The segment gene uses “Order Crossover Operator (OX)”. In essence, a swath of consecutive alleles from parent A drops down, and the remaining values are placed in the child in the order in which they appear in parent B, as shown in Fig. 7.
The node gene uses “Partial Matching Crossover Operator (PMX)”. In essence, parent A donates a swath of genetic material, and the corresponding swath from the other parent is sprinkled around in the child. Once this is done, the remaining alleles are copied directly from parent B, as shown in Fig. 8.

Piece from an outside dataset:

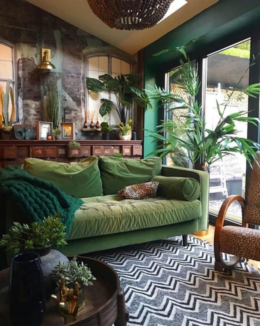 Зеленый диван в интерьере

The segment gene is mutated by an exchange mutation operator, involving the exchange of two randomly selected genes. The node gene is mutated by an integer mutation operator, which itself is replaced by another gene with a certain mutation probability. The mutation operators are as shown in Fig. 9.
Elite strategy
The same recombination and selection strategy are used as in NSGA-II. The offspring population is combined with the current generation population, and selection is performed to set the individuals of the next generation. Because all the previous and current best individuals are added into the population, elitism is ensured. The population is now sorted based on non-domination. The new generation is filled by each front subsequently until the population size exceeds the current population size. If by adding all the individuals in front F
k
the population exceeds N, then individuals in front F
k
are selected based on their crowding distance in descending order until the population size is N.
Complexity analysis
The iMTSP is an improved multi-travelling salesman problem, which belongs to the non-deterministic polynomial (NP) problems. The computational complexity of our proposed algorithm is mainly contained in the clustering algorithm and the multi-objective genetic algorithm, with the latter playing the dominant role. The overall complexity of our algorithm is O(mN
2), in which m is the number of objective functions and N is the number of individuals in the initial population.